[Collected data entries]
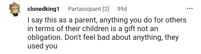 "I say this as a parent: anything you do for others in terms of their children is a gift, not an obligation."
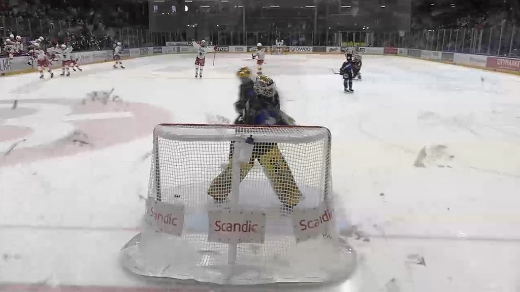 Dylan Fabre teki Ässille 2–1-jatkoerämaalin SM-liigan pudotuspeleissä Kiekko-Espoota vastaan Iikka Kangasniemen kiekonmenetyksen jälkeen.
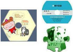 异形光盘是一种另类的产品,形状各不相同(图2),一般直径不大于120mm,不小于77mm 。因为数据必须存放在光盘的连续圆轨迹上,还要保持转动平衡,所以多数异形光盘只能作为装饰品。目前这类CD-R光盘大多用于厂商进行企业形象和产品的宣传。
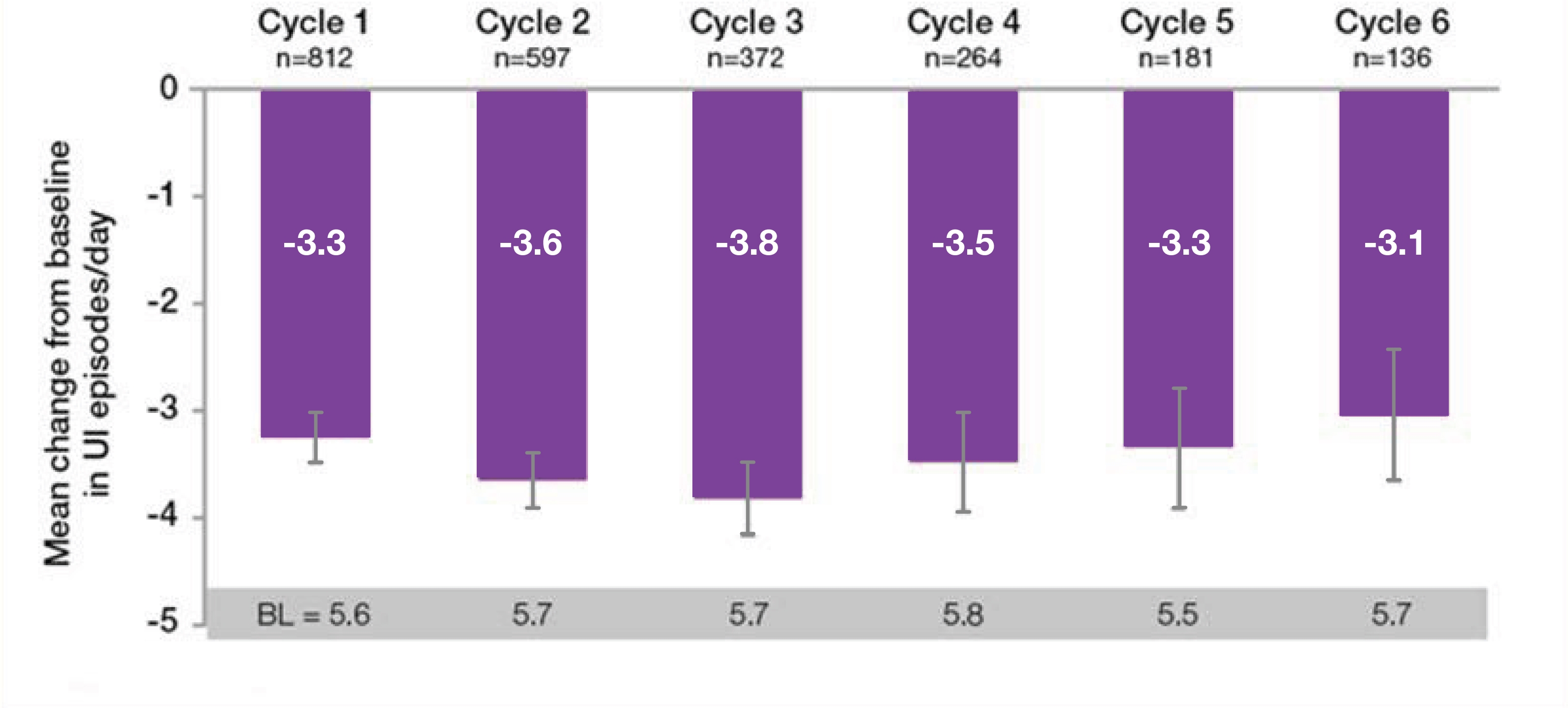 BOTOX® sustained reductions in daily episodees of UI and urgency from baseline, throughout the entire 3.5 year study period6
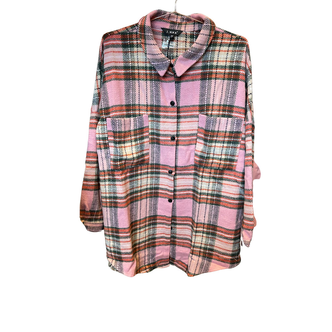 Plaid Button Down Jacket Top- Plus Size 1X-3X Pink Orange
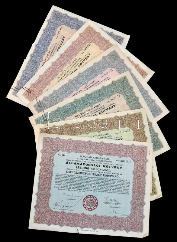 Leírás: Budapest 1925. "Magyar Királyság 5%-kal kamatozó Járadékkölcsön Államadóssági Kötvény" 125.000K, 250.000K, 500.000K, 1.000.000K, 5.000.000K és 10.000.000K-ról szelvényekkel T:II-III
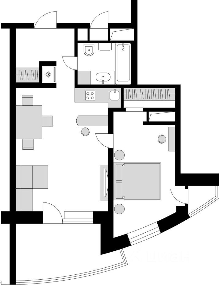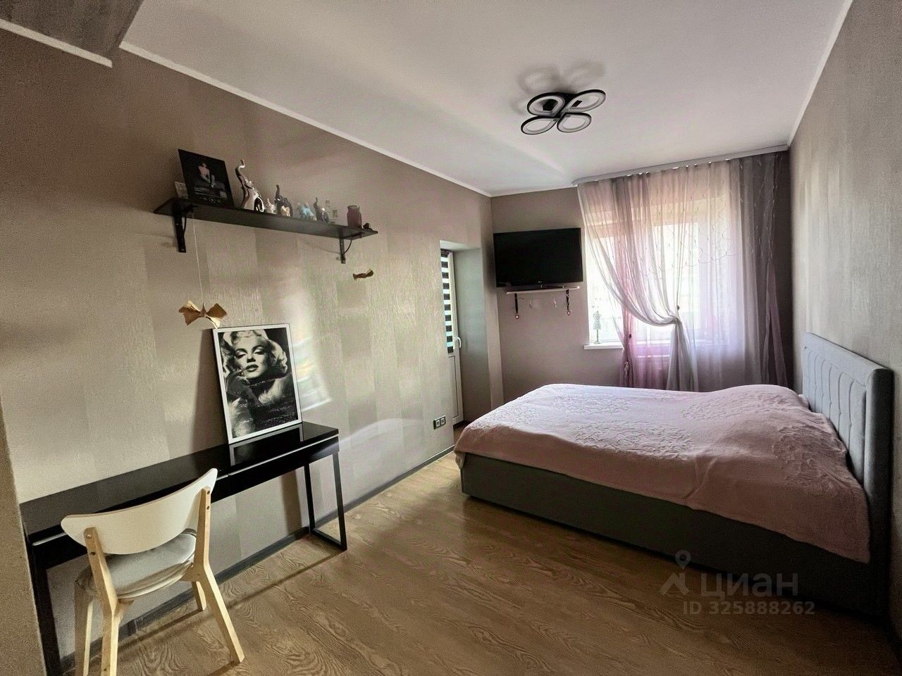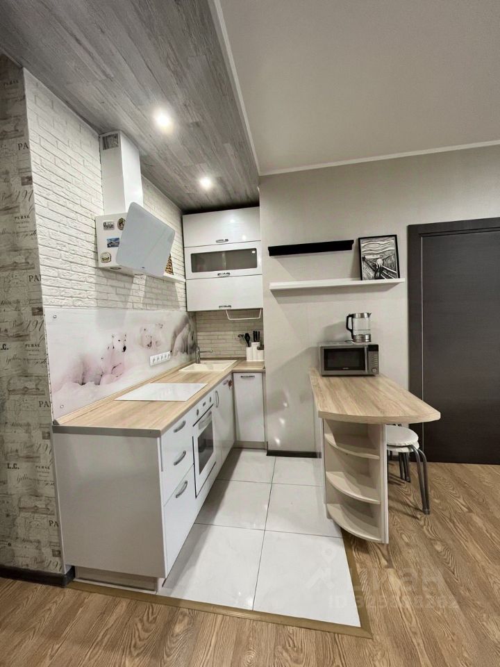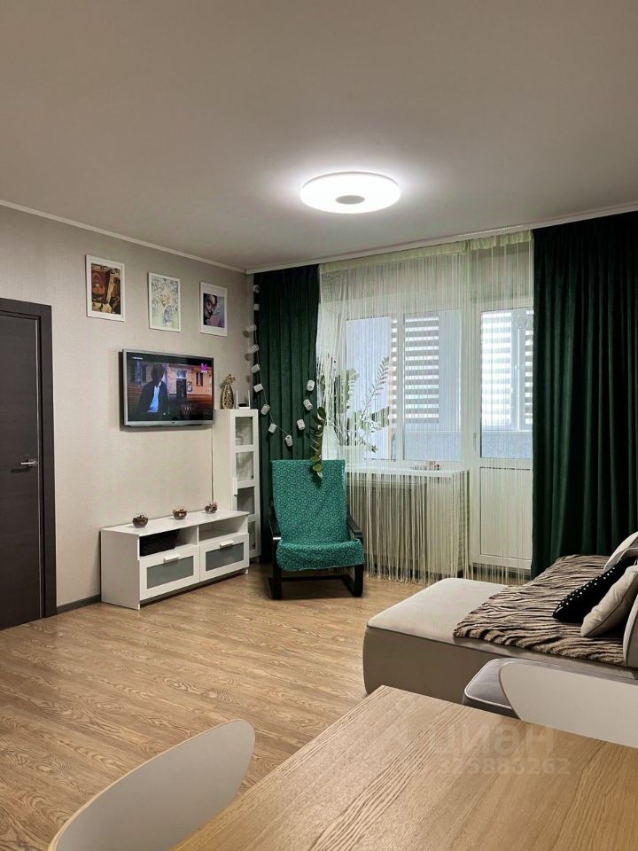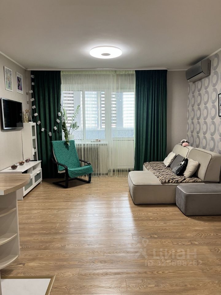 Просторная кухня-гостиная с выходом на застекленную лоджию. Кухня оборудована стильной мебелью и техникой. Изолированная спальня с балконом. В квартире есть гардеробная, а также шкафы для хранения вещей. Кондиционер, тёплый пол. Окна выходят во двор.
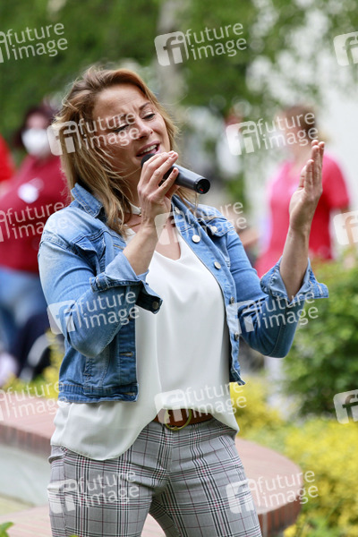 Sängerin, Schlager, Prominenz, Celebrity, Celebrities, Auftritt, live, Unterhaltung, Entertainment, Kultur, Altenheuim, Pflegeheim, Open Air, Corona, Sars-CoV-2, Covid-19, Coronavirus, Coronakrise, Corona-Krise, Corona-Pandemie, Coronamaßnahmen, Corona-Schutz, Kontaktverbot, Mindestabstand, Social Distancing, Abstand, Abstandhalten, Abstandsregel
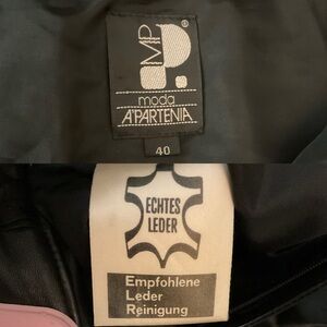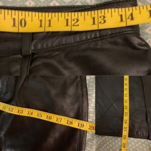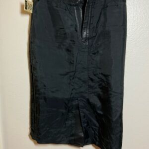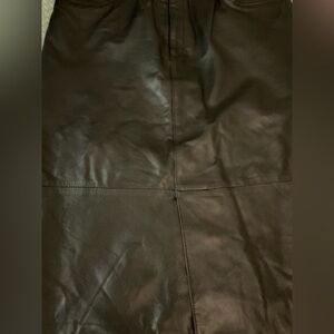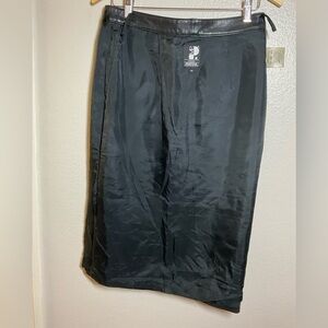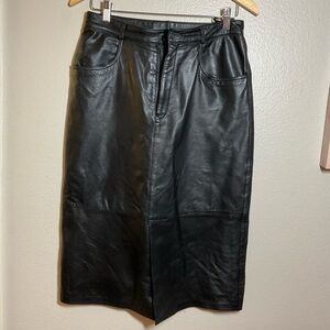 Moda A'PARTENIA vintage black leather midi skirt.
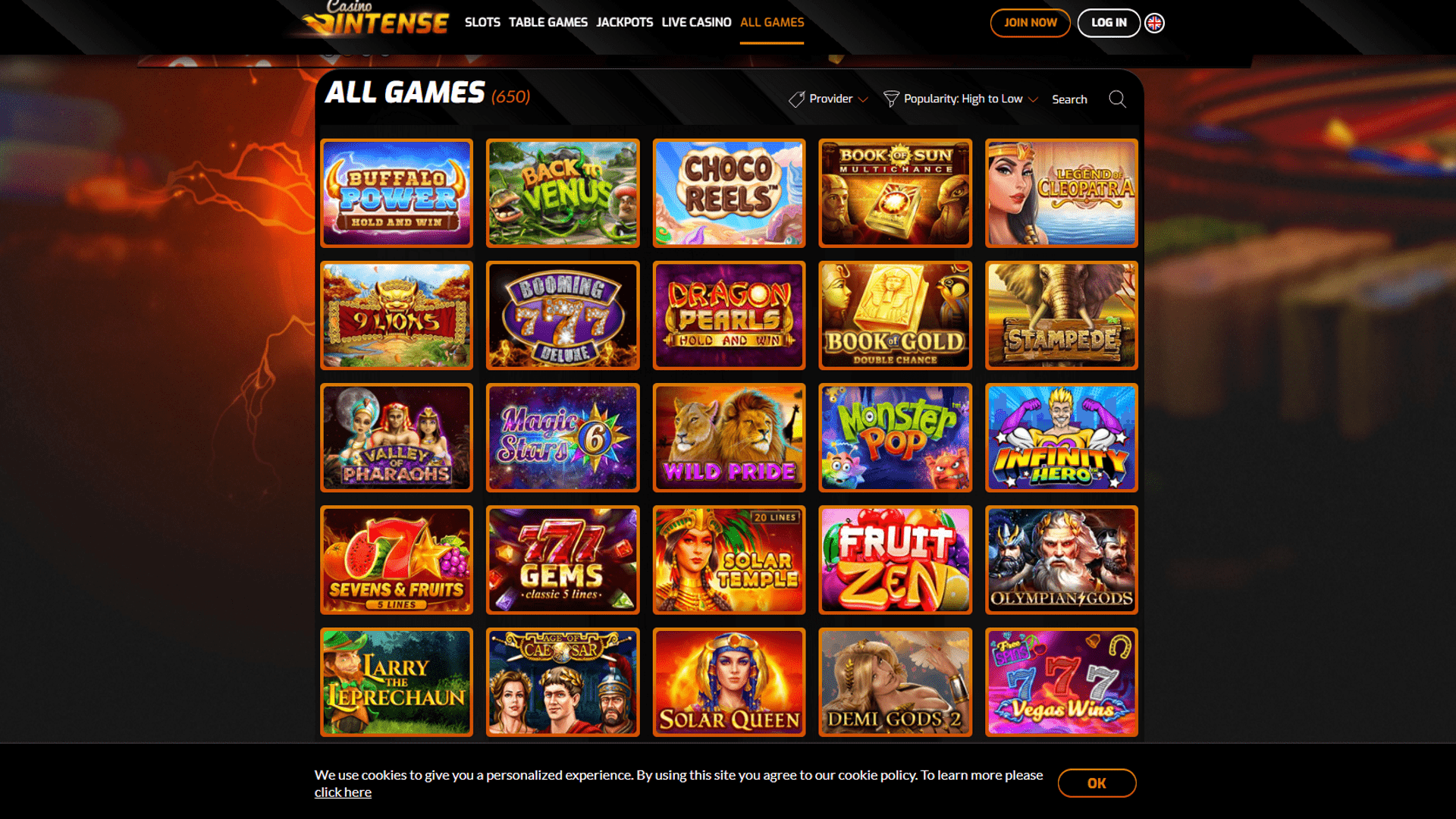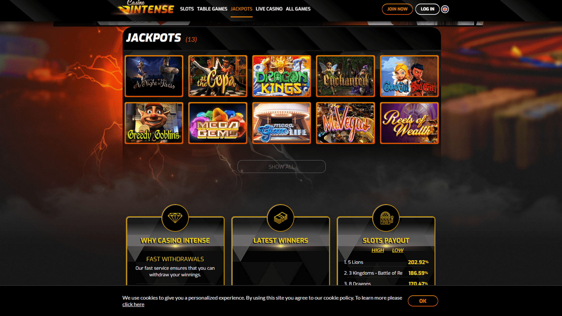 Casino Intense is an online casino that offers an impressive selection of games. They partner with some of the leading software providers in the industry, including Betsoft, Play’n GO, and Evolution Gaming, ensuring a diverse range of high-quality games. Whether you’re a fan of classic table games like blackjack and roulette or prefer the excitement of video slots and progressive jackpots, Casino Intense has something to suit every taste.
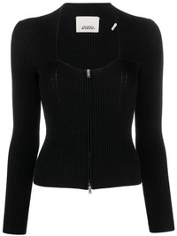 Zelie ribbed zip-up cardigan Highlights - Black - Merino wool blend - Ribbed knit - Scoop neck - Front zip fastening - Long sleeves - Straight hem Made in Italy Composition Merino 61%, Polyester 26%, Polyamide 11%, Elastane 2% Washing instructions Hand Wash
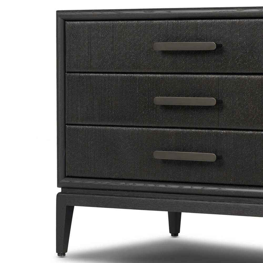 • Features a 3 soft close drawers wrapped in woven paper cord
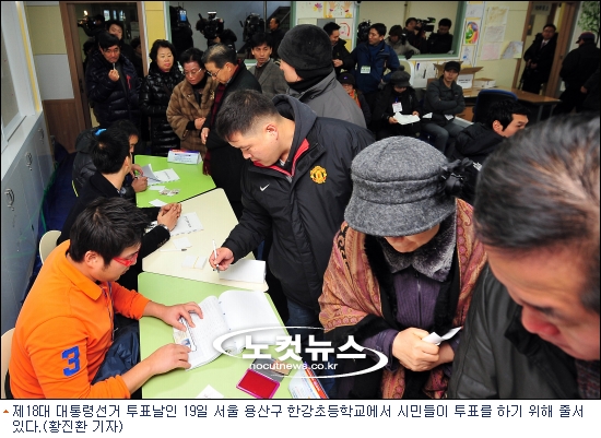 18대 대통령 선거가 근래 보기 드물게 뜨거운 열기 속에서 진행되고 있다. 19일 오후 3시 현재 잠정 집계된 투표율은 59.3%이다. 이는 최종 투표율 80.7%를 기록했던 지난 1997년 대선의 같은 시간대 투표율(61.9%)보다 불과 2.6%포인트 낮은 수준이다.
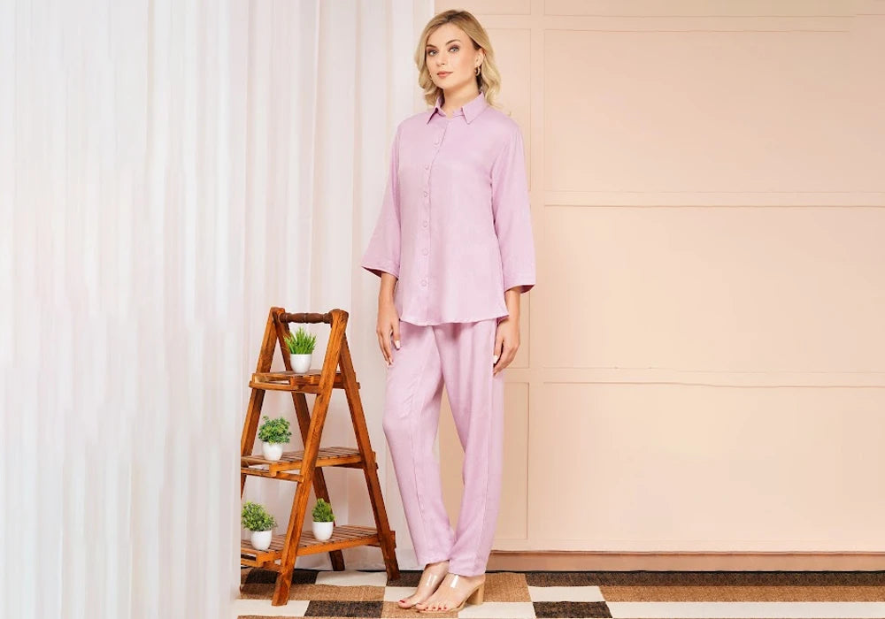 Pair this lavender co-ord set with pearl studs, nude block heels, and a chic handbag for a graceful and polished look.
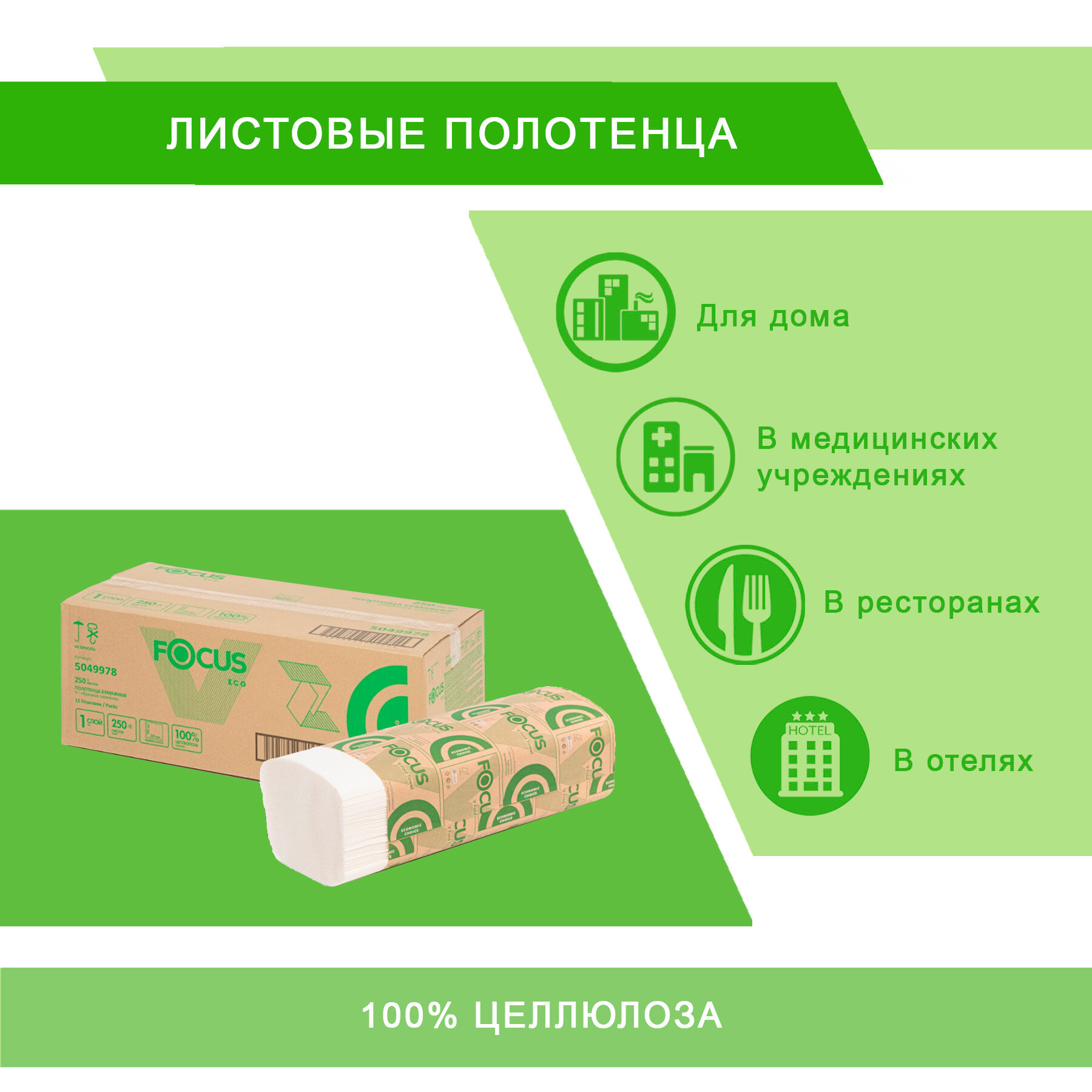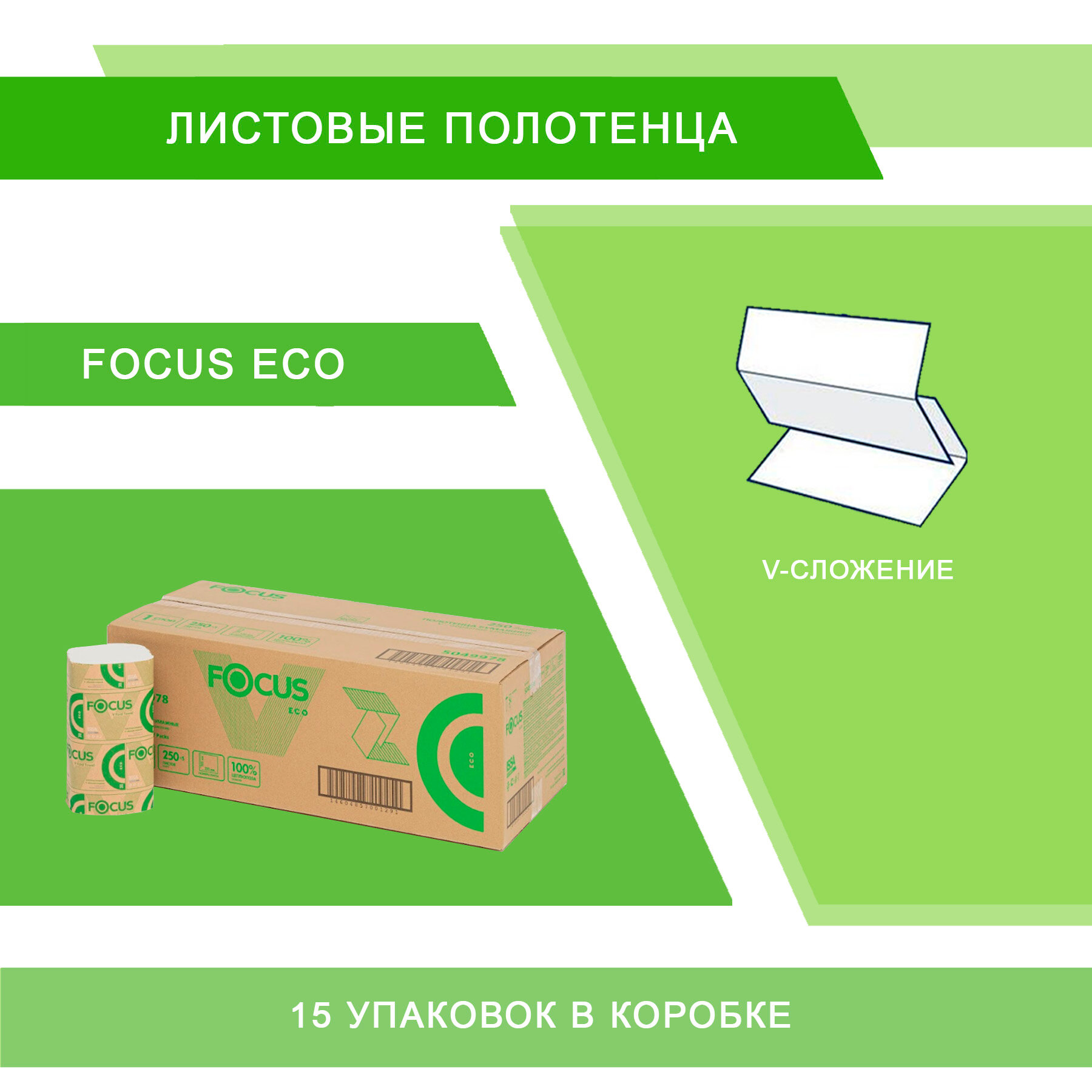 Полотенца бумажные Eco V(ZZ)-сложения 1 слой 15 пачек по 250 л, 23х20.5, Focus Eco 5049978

_TASK PROMPT_
Set all of the records down once more, letter for letter, with the images removed.

_ANSWER BELOW_
 "I say this as a parent: anything you do for others in terms of their children is a gift, not an obligation."
 Dylan Fabre teki Ässille 2–1-jatkoerämaalin SM-liigan pudotuspeleissä Kiekko-Espoota vastaan Iikka Kangasniemen kiekonmenetyksen jälkeen.
 异形光盘是一种另类的产品,形状各不相同(图2),一般直径不大于120mm,不小于77mm 。因为数据必须存放在光盘的连续圆轨迹上,还要保持转动平衡,所以多数异形光盘只能作为装饰品。目前这类CD-R光盘大多用于厂商进行企业形象和产品的宣传。
 BOTOX® sustained reductions in daily episodees of UI and urgency from baseline, throughout the entire 3.5 year study period6
 Plaid Button Down Jacket Top- Plus Size 1X-3X Pink Orange
 Leírás: Budapest 1925. "Magyar Királyság 5%-kal kamatozó Járadékkölcsön Államadóssági Kötvény" 125.000K, 250.000K, 500.000K, 1.000.000K, 5.000.000K és 10.000.000K-ról szelvényekkel T:II-III
 Просторная кухня-гостиная с выходом на застекленную лоджию. Кухня оборудована стильной мебелью и техникой. Изолированная спальня с балконом. В квартире есть гардеробная, а также шкафы для хранения вещей. Кондиционер, тёплый пол. Окна выходят во двор.
 Sängerin, Schlager, Prominenz, Celebrity, Celebrities, Auftritt, live, Unterhaltung, Entertainment, Kultur, Altenheuim, Pflegeheim, Open Air, Corona, Sars-CoV-2, Covid-19, Coronavirus, Coronakrise, Corona-Krise, Corona-Pandemie, Coronamaßnahmen, Corona-Schutz, Kontaktverbot, Mindestabstand, Social Distancing, Abstand, Abstandhalten, Abstandsregel
 Moda A'PARTENIA vintage black leather midi skirt.
 Casino Intense is an online casino that offers an impressive selection of games. They partner with some of the leading software providers in the industry, including Betsoft, Play’n GO, and Evolution Gaming, ensuring a diverse range of high-quality games. Whether you’re a fan of classic table games like blackjack and roulette or prefer the excitement of video slots and progressive jackpots, Casino Intense has something to suit every taste.
 Zelie ribbed zip-up cardigan Highlights - Black - Merino wool blend - Ribbed knit - Scoop neck - Front zip fastening - Long sleeves - Straight hem Made in Italy Composition Merino 61%, Polyester 26%, Polyamide 11%, Elastane 2% Washing instructions Hand Wash
 • Features a 3 soft close drawers wrapped in woven paper cord
 18대 대통령 선거가 근래 보기 드물게 뜨거운 열기 속에서 진행되고 있다. 19일 오후 3시 현재 잠정 집계된 투표율은 59.3%이다. 이는 최종 투표율 80.7%를 기록했던 지난 1997년 대선의 같은 시간대 투표율(61.9%)보다 불과 2.6%포인트 낮은 수준이다.
 Pair this lavender co-ord set with pearl studs, nude block heels, and a chic handbag for a graceful and polished look.
 Полотенца бумажные Eco V(ZZ)-сложения 1 слой 15 пачек по 250 л, 23х20.5, Focus Eco 5049978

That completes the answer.